October 10th, 2011
TTOP-AF Trial Proves Efficacy of RF Ablation System, But Not Safety
Larry Husten, PHD
A new trial demonstrates that an investigational RF ablation system is more effective than medical management in treating persistent AF, but the trial failed to meet a key predefined safety goal.
At the Venice Arrhythmias 2011 conference, Lucas Boersma presented the results of the TTOP-AF (Tailored Treatment of Persistent Atrial Fibrillation) trial, in which 210 patients with persistent AF were randomized to medical management or treatment with the Medtronic Phased RF Ablation System, which has been approved in Europe but is available only for investigational use in the U.S.
According to ClinicalTrials.gov, safety was the primary outcome measure of the trial. The acute safety event rate in the ablation arm was 12.3%, but the upper 95% confidence interval, which was 19%, exceeded the predefined 16% performance goal. A total of 21 acute safety events occurred in the ablation arm, including 4 strokes and 2 cases each of cardiac tamponade, pseudoaneurysm, and pulmonary infiltrates with fever.

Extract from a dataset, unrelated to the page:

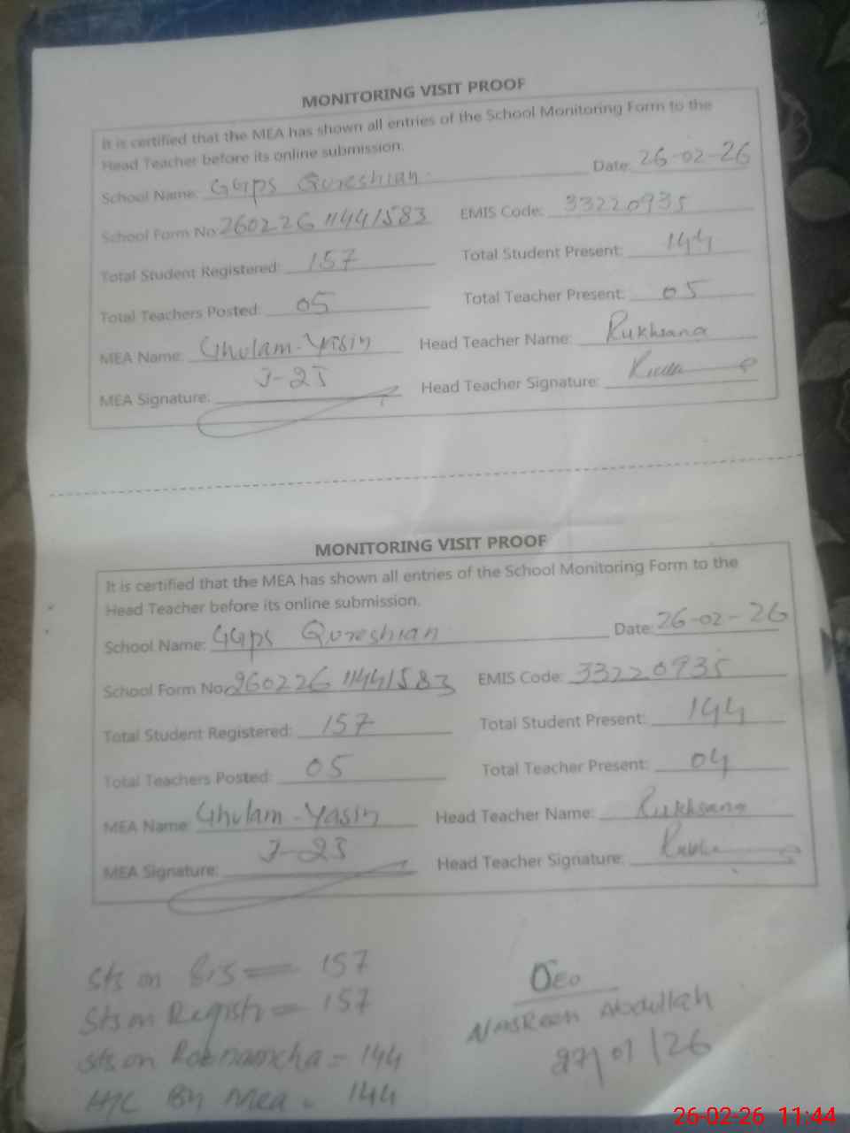 | Attendance Register | Head Teacher | MEA with School | Visit Proof |

The primary effectiveness endpoint, which was defined as a greater than 90% reduction in the AF and atrial flutter burden and freedom from antiarrhythmic drug therapy at 6 months, was reached in 55.8% of patients in the ablation group but only 26.4% of patients in the medical management arm, a highly significant difference (P<0.0001).
On October 27 the FDA Circulatory System Devices Panel is scheduled to discuss the PMA application for the Medtronic system.